Bridal Shower Innvite Rules

So here is the story..

My husband’s niece is getting married, and the two mothers (MIL & my sister-in-law) are organizing a bridal shower. Each party is sending out their own invite for their side. So I volunteered to help my sister in law send out the invites for her daughter (my husband’s niece). When I saw the shower list I noticed that my mom or my sister in laws names were not on the invite. I also later realized that for her close relatives my husband’s sister (my SIL on my husbands side) was doing a phone invite as a more personable way to invite them to the shower. She never called my mom or my sister in law.

I know that she is inviting her daughters friends and their mom’s (who she doesn’t know to well). And she inviting her other sisters and their MIL’s to the shower. I briefly spoke to my husband that it was bothering me, that my family was not invited – and he too was surprised. My husband’s sister saw my sister in law (my brothers wife) recently during the holidays and they were all talking about the wedding, and still no bells went of for her to invite my SIL or mom.

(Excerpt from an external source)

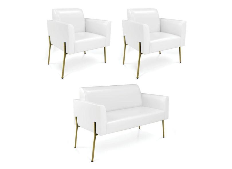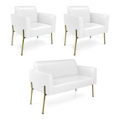 O menor preço encontrado no Brasil para Sofá Namoradeira e 2 Poltronas Pé de Ferro Dourado Marisa Corano Branco D03 - D`Rossi atualmente é R$ 2.161,90.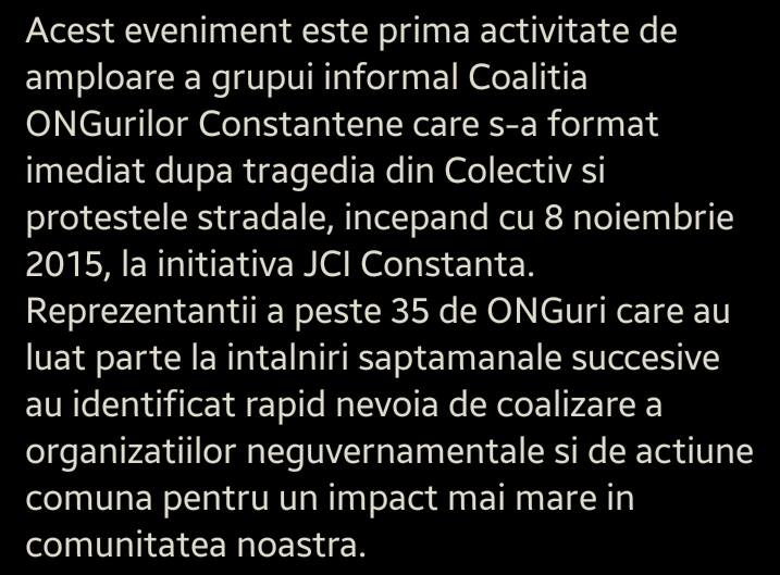 JCI,Maritimo Shopping Center,ONG-uri constănţene numărate şi „alese”pe sprânceană…O nebunie va fi!Prezenţa iluştrilor domni din administraţie şi nu numai…Un EVENIMENT DE NERATAT! Grăbiţi-vă!Locurile sunt limitate!Nu de alta, dar şi cei trecuţi la Domnul din tragedia de la #Colectiv merită cinstiţi într un fel…Nevoia de a epata , de a comunica şi de a strânge rândurile la această şuetă mi se pare CEL MAI INDICAT PRILEJ de a coaliza şi de a uniformiza….societatea civilă obedientă şi umil(it)ă!

The fact that my family isn’t invited to the shower makes me believe that they are not invited to the wedding. And my family is expecting an invite, because they are in-laws of her brother. Whether they come to wedding or shower is a different story. I feel really bad for my family and am upset by the fact that during my in laws family events, my family is frequently overlooked, and the other sisters entourage of in laws is always invited.

I don’t want to bring up to her attention because I really don’t want a pity invite, and its not in my nature to bring it up – I mean the fact that its an over sight says something for itself, maybe we are not as close as I thought we were.

So thoughts or suggestions on what I should do??